[Exercise instructions]: The lines from the one containing "Такой простой, быстрый" through the final line of the listing below are what the answer must repeat, exactly and only, leaving pictures out.

(Dataset section)

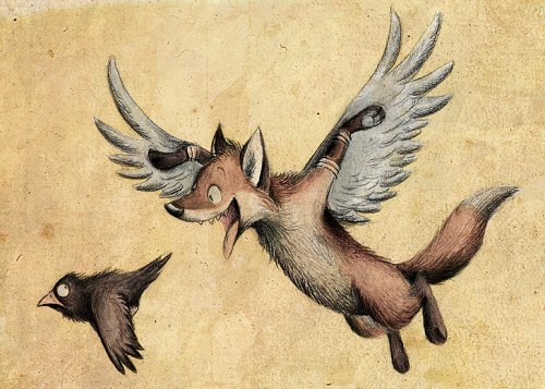 Птиса еще долго на него пикировала и орала по своему, ворон сел на землю и пошел пешком по кустам.
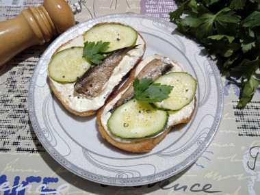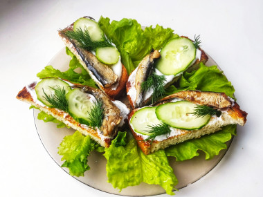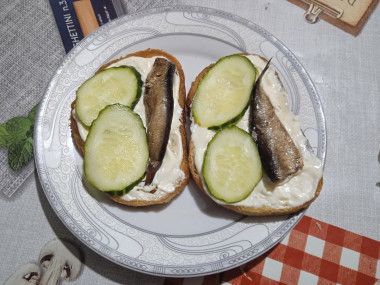 Такой простой, быстрый и очень вкусный бутерброд со шпротами,майонезом и огурцом!
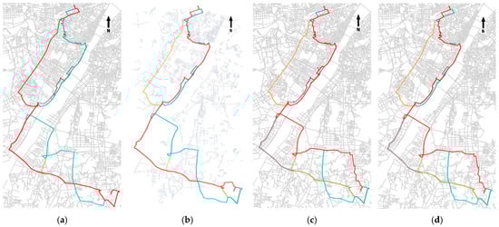 Multi-Scenario Path-Planning Results: (a) Urban Commuting Scenario; (b) Energy-Efficient Driving Scenario; (c) Holiday Travel Scenario; (d) Nighttime Travel Scenario.

(End Dataset section)

[Response to the task]:
 Такой простой, быстрый и очень вкусный бутерброд со шпротами,майонезом и огурцом!
 Multi-Scenario Path-Planning Results: (a) Urban Commuting Scenario; (b) Energy-Efficient Driving Scenario; (c) Holiday Travel Scenario; (d) Nighttime Travel Scenario.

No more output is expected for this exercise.